In order to implement the Neumann conditions, we prefer not to use a DAE, since the wave equation is nonstiff and can use an explicit method in time. So we will remove the boundary nodes from the discretization and implicitly define the values there by the Neumann conditions. Suppose that \(\bfu\) represents a vector of all \(Ny+1\) values along a line of constant \(x\). Then the Neumann conditions are

\[\begin{split} \bfzero = \bfE \bfD_y \bfu = \begin{bmatrix} \bfA & \bfB \end{bmatrix} \begin{bmatrix} \bfE \bfu \\ \bfv \end{bmatrix}, \end{split}\]

where \(\bfE\) comprises the first and last rows of an \((N_y+1)\)-dimension identity matrix, and \(\bfv\) is the part of \(\bfu\) excluding the endpoints. Thus,

\[ \bfE \bfu = (- \bfA^{-1} \bfB ) \bfv, \]

which shows how to recover the endpoint values given the interior ones.
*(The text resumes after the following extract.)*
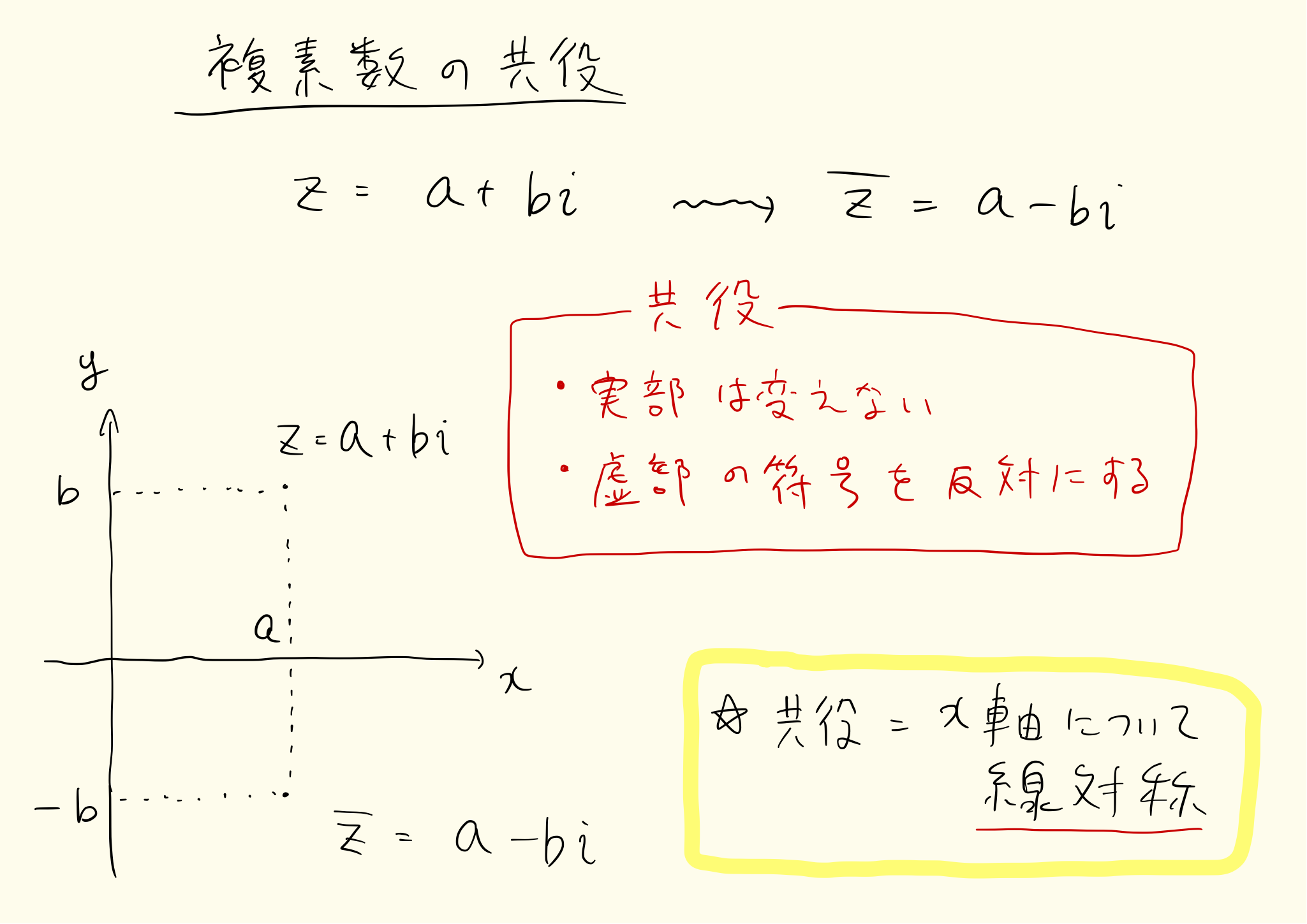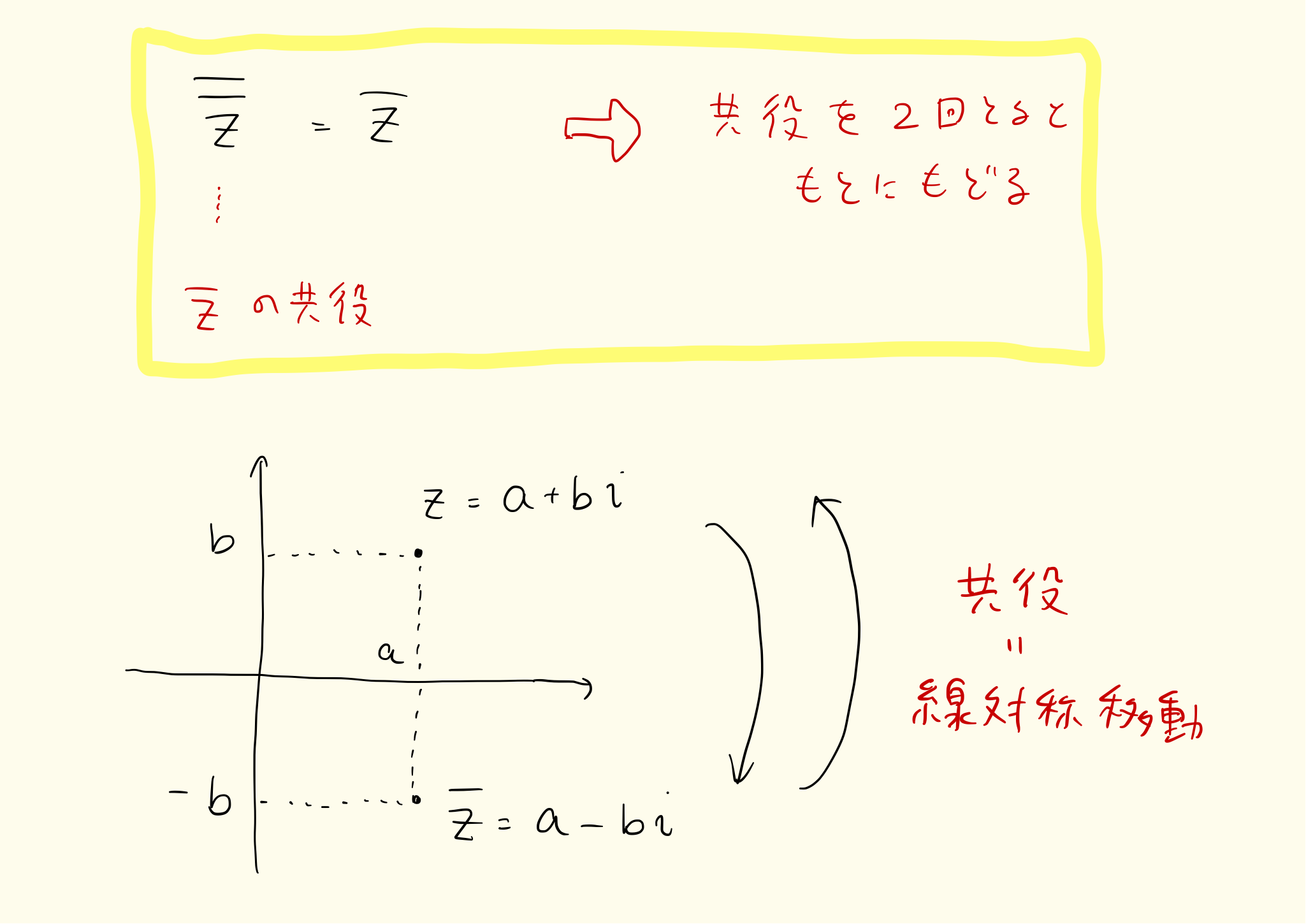 複素数の共役はx軸を軸とした線対称です。

A note about the code below is that the OrdinaryDiffEq package can solve IVPs where the dependent variable is a matrix, which saves us from having to reshape the matrices representing \(u\) and \(\partial_t u\) into and out of a single vector.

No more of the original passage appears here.